Lulicious

Monday, June 12, 2006

Karma rides a bicycle


These shoes will take me where I want to go.

Ah, karma.
I got up early yesterday and went for a bike ride with Carrie. I had replaced my old bicycle seat with a new wide seat to accommodate my own wide seat. It felt quite comfortable - at first, anyway. The night before, I prepared: got my water bottle ready, pumped the tires, dusted helmet.
Though we planned to leave at 9:00, we managed to actually get on the road by 10:00 (and were proud of the relative nearness of that to our planned departure time!)
The ride was pretty, the weather perfect - sunny and cool. The sky was so blue it looked like a cartoon. Mostly uneventful, the ride went down to the tip of Manhattan where we rested and I looked at the Statue of Liberty.
On the way home, all was going well until pop and click followed by a hiss. I am a novice rider but can recognize a flat tire without a lot of help. I had one. I also had no repair kit, no cell phone, no money, and no clue. Carrie did only slightly better: she had a phone. We laughed and laughed then had the bright idea to go to a taxi tire repair shop to inflate the tire, figuring it we could do just enough to make it home. Wrong.
We ended up at a gas station in hell's kitchen. The air machine cost $.50, which of course, we didn't have. Still laughing like animals, we had to ask the attendant to spot us two quarters. He seemed less than delighted to do so, telling us, "we don't fix. We don't fix." Oh, what a coincidence, Mr. Singh, neither do we.
Struggling (far less than adeptly) to get the air pump and the valve to communicate, we continued to laugh, beginning only then to recognize the futility of our plight.

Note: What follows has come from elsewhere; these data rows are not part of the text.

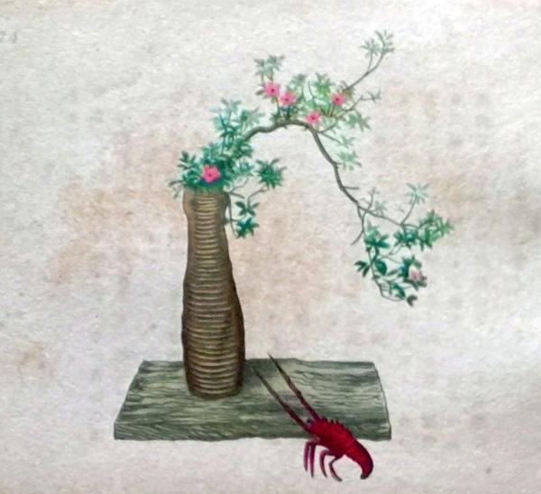 D26030661〇彩色石版画 梅に赤椿 盛花 西洋花 生花図譜 華道 生花 解説付き 昭和年代〇和本古書古文書
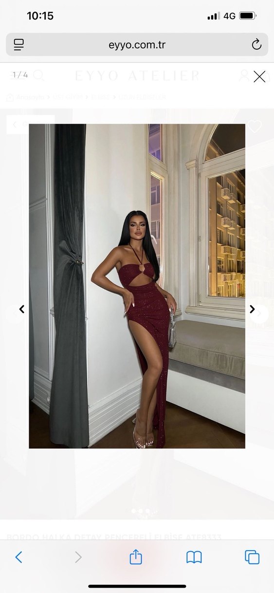 Bu bordo ışıltılı uzun elbise, straplez ve ince askılı olup, yüksek yırtmaç detayına sahiptir. Kaliteli dokusu ile dikkat çeker. Romantik akşamlar için uygundur. Bir kez kullanıldı,yeni gibi✨
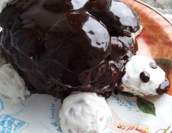 Помните! Лучше каждую лепешку обмакнуть в крем и только потом уложите ее на сервировочное блюдо. Так тортик получится сочным и мягким.Также выложите голову, ножки и лапки с хвостиком черепашки. Шоколадную глазурь сделайте из сметаны, сливочного масла, сахарного песка и какао. Все продукты смешайте и доведите смесь до кипения и только потом внесите шоколад. После ею облейте подготовленную горку. Нарисуйте глазки и ротик.
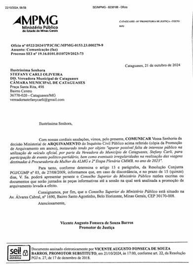 O Ministério Público de Minas Gerais (MPMG), através da 1ª Promotoria de Justiça da Comarca de Cataguases, decidiu arquivar o Inquérito Civil Público instaurado para apurar eventuais irregularidades que teriam sido praticadas pela vereadora Stefany Carli de Oliveira, do Partido dos Trabalhadores.
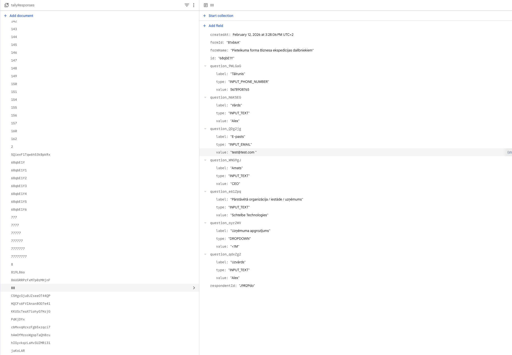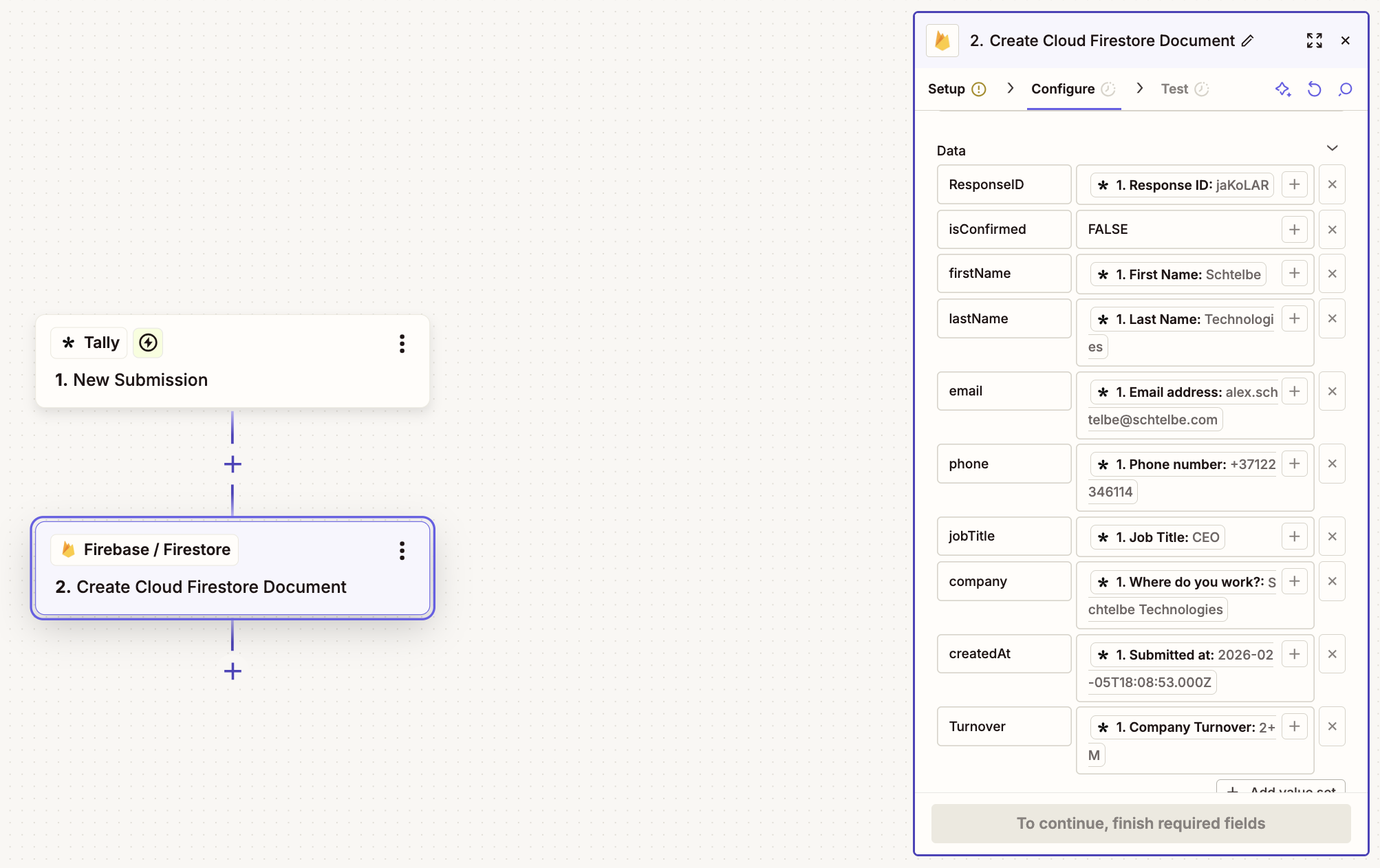 try inserting an Edit Fields node between your Tally Trigger and the Firestore node. Create the clean fields you want on the left, and drag the specific values you need from the Tally output on the right.
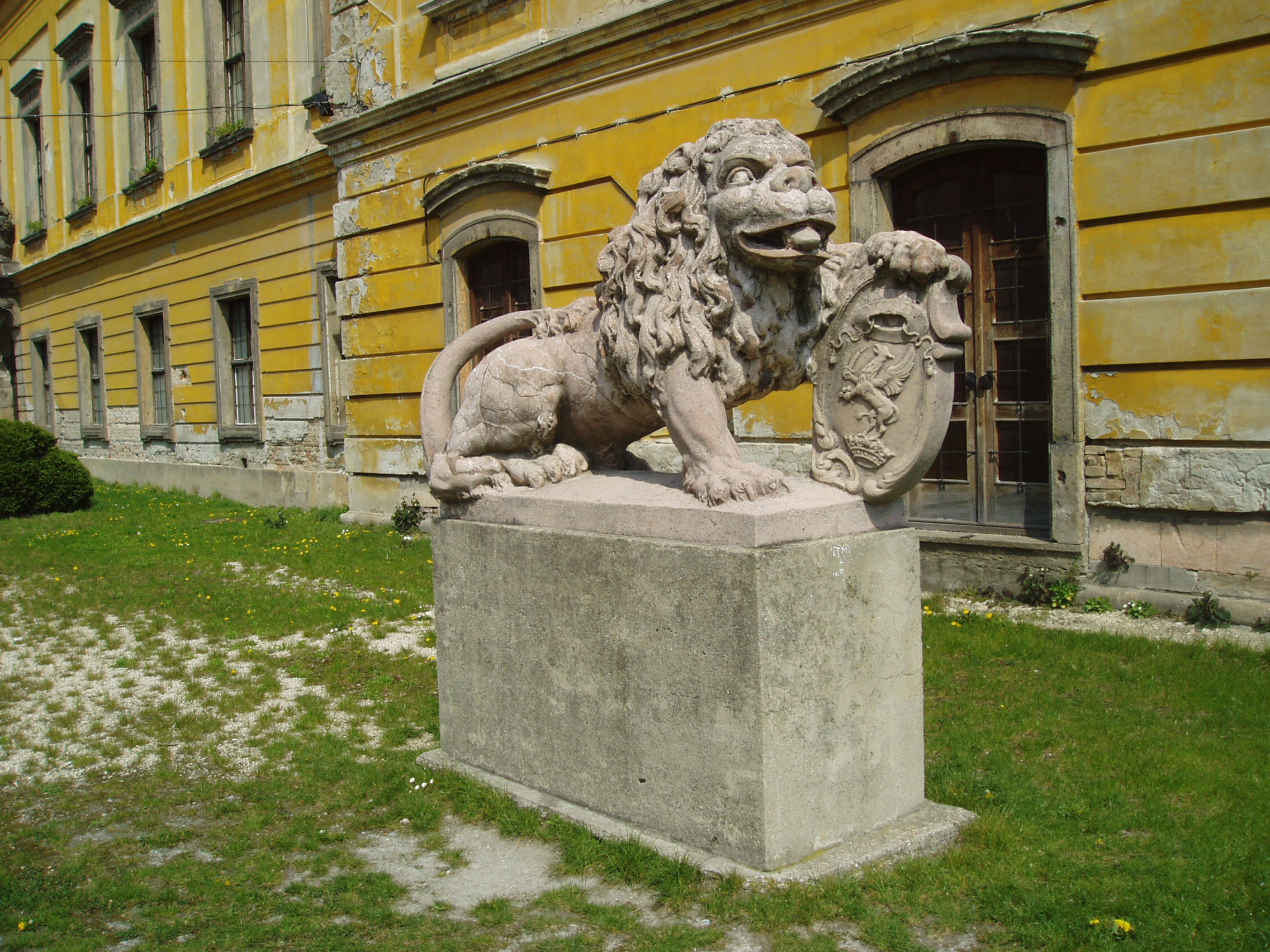 Nyilvános 927 | 1912 | Pápa, Fő tér 1-3. Esterházy-kastély | A barokk kastély a korábban itt állott végvár helyére épült, részben annak alapfalai, kövei felhasználásával. A régi várat az 1740-es évektől Esterházy Ferenc (1683–1754) tárnokmester kezdte átalakítani Franz Anton Pilgram tervei alapján. A barokk várkastély kialakítása 1784-re fejeződött be Esterházy Ferenc fia, Eszterházy Károly egri püspök idejében Fellner Jakab, majd Grossmann József vezetésével. Az U alakú, egyemeletes épület a versailles-i palota nyomán elterjedt francia kastélytípus képviselője. A képen a díszudvar bejáratánál elhelyezett két kőoroszlán egyike látható, amely az Esterházyak címerpajzsát tartja. Az oroszlánok 1945-ig a kastélyt övező kerítés díszes kovácsoltvas kapuját őrizték. A fénykép 2007 áprilisában készült. Felh. irod.: Németh Adél - Szabó Lajos: Pápa. Bp. Panoráma, 1989 Pápa. Szerk. Sz. Farkas Aranka. Bp., Magyar Képek, 2000 |

I tried to get Carrie to go without me, likening our measly bike ride to a climb of Mt. Everest; "you have to go on without me. Complete the mission."
Suddenly, a small dark D.J. appeared from the autoshop next door. He asked if we wanted help. No surprise, we did. He tried to get some air in the tire but "tire is bad." Not to worry, he told us, there was a bike shop a few blocks away. Still giggling, we told him thanks, we had no money so would walk.
So he offered us money. Five dollars at first, then ten, then twenty. When we agreed to take it and mail him a check, he took out a fifty. Panic hit us. I was thinking "dude, we are not doing whatever it is you want us to do to get that money." So we negotiated for the smaller sum, got the fifteen bucks and headed to the bike store. Then Carrie's chain came off. Which was just as funny as everything else.
At the bike store, we decided to get the tire fixed then ask how much thinking, if we don't have enough, we will be able to better bargain once the work is done. Grand total: $16.25. After hearing the story of the good samaritan D.J. and his fifteen dollar donation to my fitness cause, the nice clerk realized he actually meant to charge us $14.99. Whew.
Carrie and I will be signing up for a class on how to fix our own tires on the road.
Rodolfo, the generous gas station D.J., on the other hand, will be experiencing some high return on his excellent karma this week.

Idea to practice today: pay it forward.

2 Comments:

Anonymous Anonymous said...

I LOVE THIS STORY! karma is so underestimated. as is pay it forward. i repeat this mantra many times a week, but thanks to this post, i'll be going for daily repeats.

KEEP IT UP! YOU ROCK MY WORLD!

3:02 PM  
Anonymous Anonymous said...

To track the mileage, average speed, elevation, and calories (if walking or running) go to http://www.mapmyrun.com.

Map does not show location of bike shops and friendly people, so bring tube, tire lever, and pump (or invite friend who has them) on long rides. Or just take cab fare.

More biking tips: wear helmet, lights (if riding when dark or semi-dark), never ride next to a bus or truck that might possibly turn into your path, drink water, and be friendly to pedestrians.

Note on woodland creatures in Central Park: if you see a squirrel in your path, don't change course -- it has a natural flight instinct and you are more likely to hit it if you swerve around Jim Carey style. This will require suppressing a lifetime of internalized anthropomorphization of animals thanks to Disney, but you may just save the squirrel's life.